Without recovering policy benefits, a policyholder cannot pursue the tortious breach of the implied covenant; in other words, no policy benefits equals no bad faith. That policyholder may be awarded compensatory damages (e.g., emotional distress and attorney’s fees) if the insurer acted “unreasonably” in denying any policy benefits, paying some benefits but not all due, or delaying such a payment. (No separate instruction on genuine dispute is needed if the jury is told the policyholder plaintiff must prove the insurer acted “unreasonably.” (CACI 2331 and 2332; McCoy v. Progressive West Ins., Co. (2009) 171 Cal.App.4th 785, 792.) If compensatory damages are proven, the policyholder can seek punitive damages, pursuant to Civil Code section 3294.
Years ago, California courts started to summarily dispose of a bad-faith claim if the insurer provided a sufficiently persuasive rationale for its position (whether ultimately correct or not) regarding a legal issue relating to the existence of coverage. (See, e.g., Opsal v. United Services Auto. Assn. (1991) 2 Cal.App.4th 1197.) This “genuine dispute” doctrine was extended to factual issues. (See, e.g., Chateau Chamberay Homeowners Assn. v. Associated Inter. Ins. Co. (2001) 90 Cal.App.4th 335 [“existence of a genuine dispute [means no liability for] bad faith even though [insurer] might be liable for breach of contract”].) (Chateau Chamberay noted that insurer “had every right to question [insured’s claims] and to require [insured] to provide full and proper support for its demands” and, in doing so, no bad faith as a matter of law.) Without referring to the “genuine dispute” doctrine, some opinions have concluded that an insurer’s objectively appropriate decision precludes tort liability. (See, e.g., Morris v. Paul Revere Life Ins. Co. (2003) 109 Cal.App.4th 966, 973.)

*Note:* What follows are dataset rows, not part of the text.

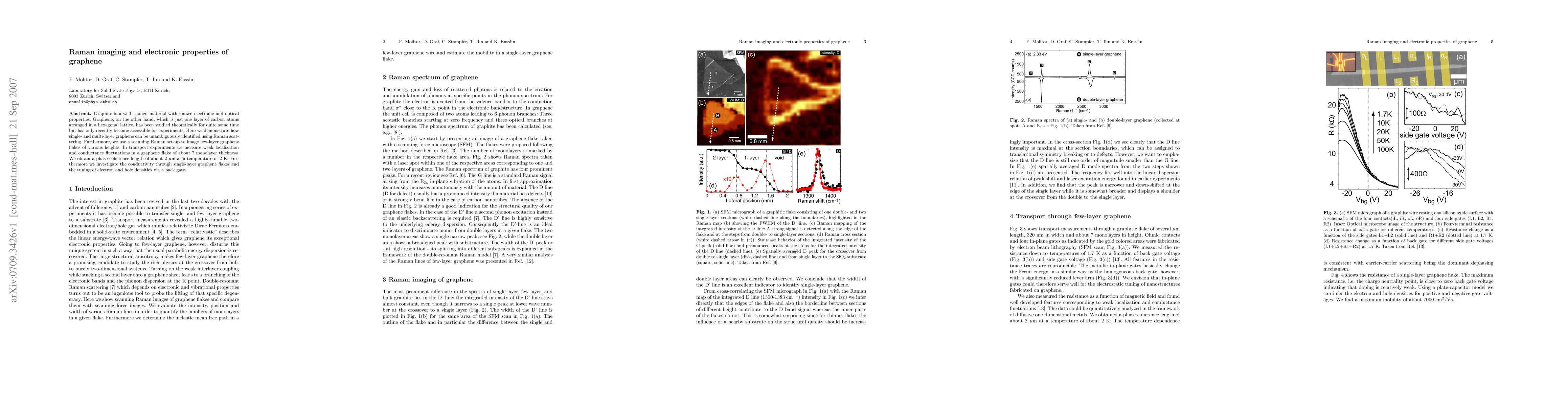 This paper demonstrates the use of Raman imaging to distinguish single- and multi-layer graphene and employs scanning Raman to visualize few-layer graphene flakes. It also investigates electronic properties, finding weak localization and a phase-coherence length of 2 µm in 7-monolayer graphene at 2 K.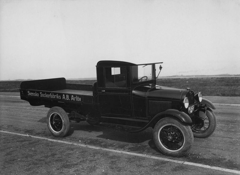 Lastbil vid landsväg - "Svenska Sockerfabriks AB Arlöv". M 1453 Ford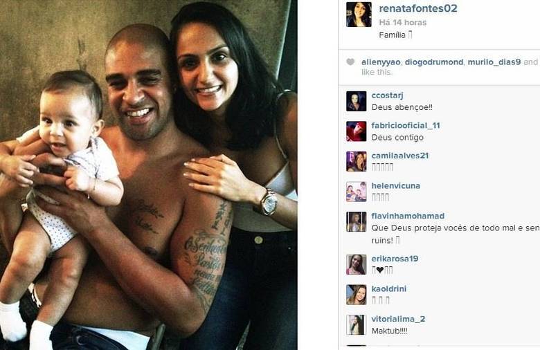 Na semana passada, a estudante Renata Fontes deixou uma dúvida no ar sobre sua atual relação com Adriano Imperador. A morena postou uma foto em que aparece ao lado do atacante e da filha do casal, a pequena Lara, e escreveu "família" na legenda da imagem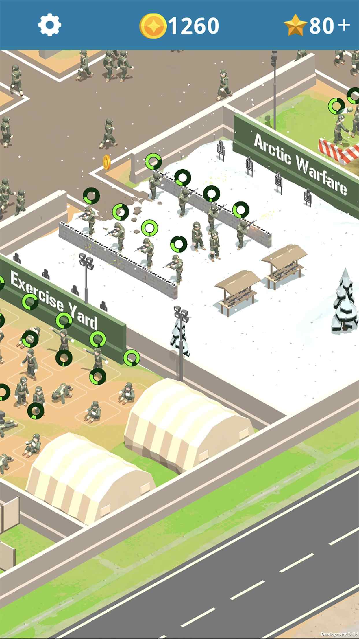 你可以升级所有训练区的数值、速度、容量和队列规模。虽然过程如同过山车般起伏跌宕,但懒惰的学员必将遭到淘汰——你会爱上发展和升级你的军事基地。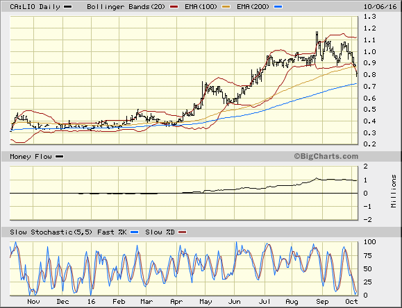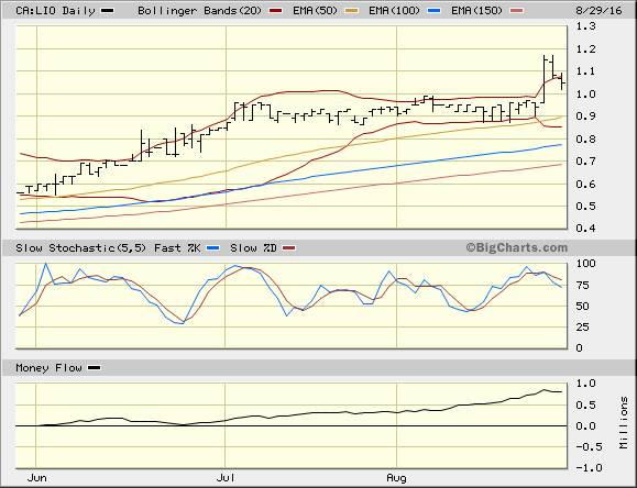 LIO war gestern in schwächelndem Markt der 3.stärkste Wert der 95 gelisteten Indexaktien mit + 7.95 % auf 0,95 C$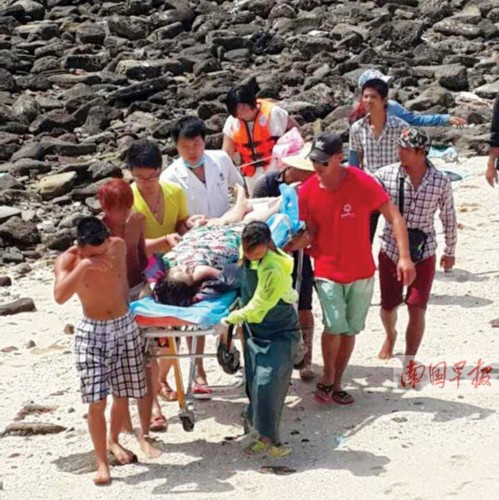 當日上午11時許,駐島民警與潿洲島衛(wèi)生院醫(yī)務(wù)人員趕到現(xiàn)場,但因被礁石撞傷,加上溺水,兩人處于昏迷當中!澳凶拥募绮亢投浚艿阶矒舫鲅,顱底骨折,女子的后腦勺也因受劇烈撞擊,有一道幾公分的傷口。經(jīng)過治療,男子已蘇醒,但情況未明顯好轉(zhuǎn),而女子傷勢較重。考慮潿洲島醫(yī)療條件有限,兩人被緊急送往北海市人民醫(yī)院搶救。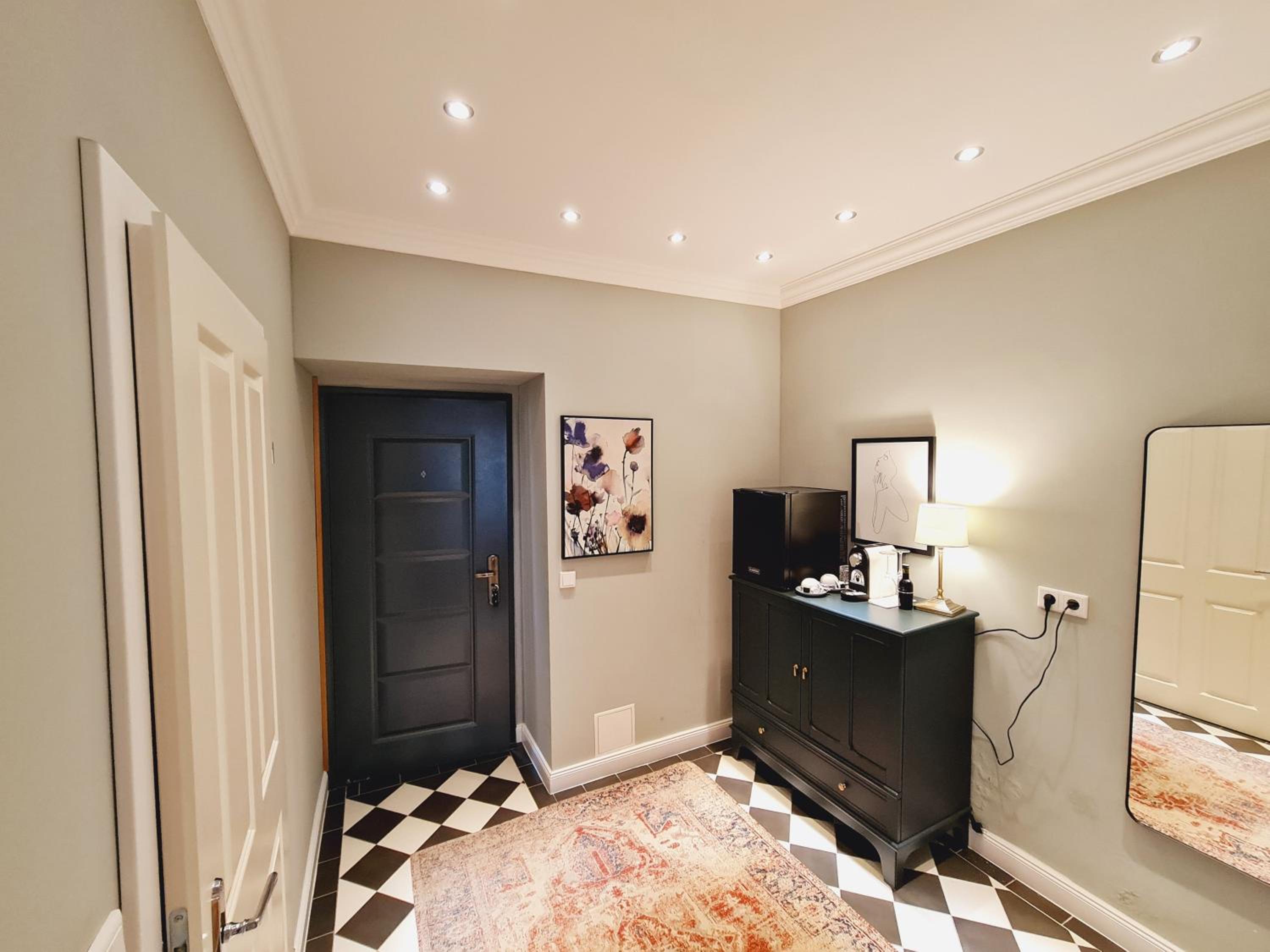 Großes Zimmer mit Vorraum, Bad, Essbereich und Schlafzimmer.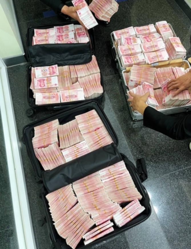続いて、「一度に全ての金額は引き出すことはできないので、今日はひとまず500万元(約9千万円)を引き出した」とし、現金を入れるキャリアパック3つの写真を共有しました。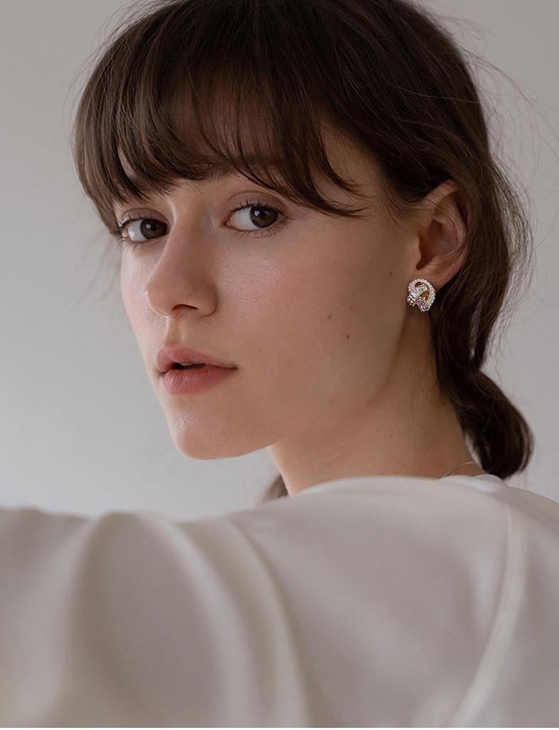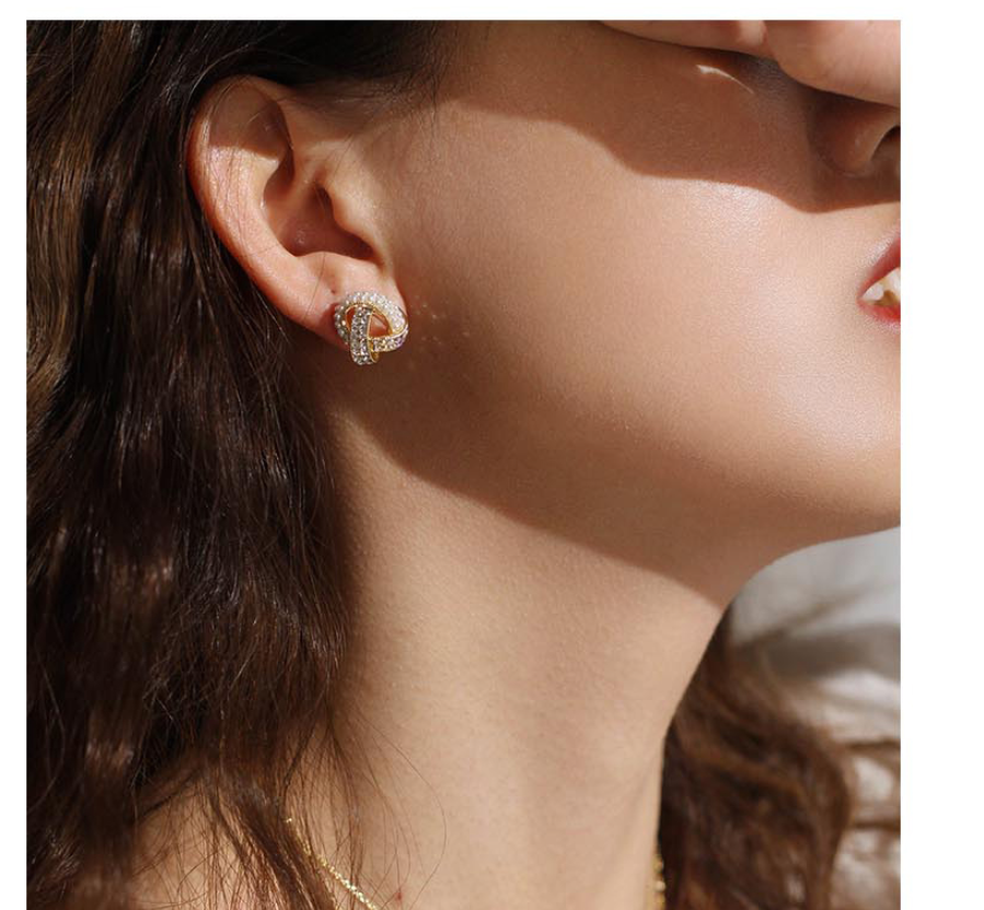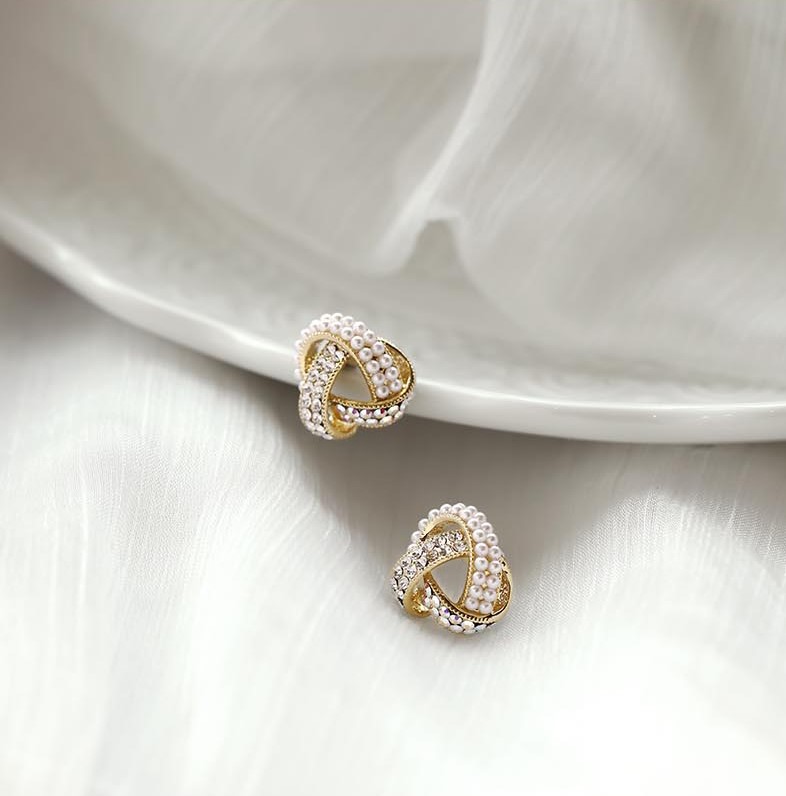 UZL DESIGN PEARL AND CRYSTAL DOUBLE HOOP EARRINGS IN GOLD PLATE

An insurer invokes this doctrine in an attempt, before trial, to take out the tort claims. (In the alternative, its counsel often seeks to strike the punitive damages, due to the absence of “clear and convincing” evidence to satisfy the standards of section 3294.)
This judicial trend presents a real concern to policyholders: how often do their counsel want to try policy benefits alone?
Impact of Wilson
Notably, Wilson repeated several legal standards that clearly favor policyholders; accordingly, quotes from Wilson should be evaluated for their use in opposing a “genuine dispute” motion. For example, quotes such as “the insurer cannot deny the claim ‘without fully investigating the grounds for its denial’…. ‘The insurer may not just focus on those facts which justify denial of the claim.’”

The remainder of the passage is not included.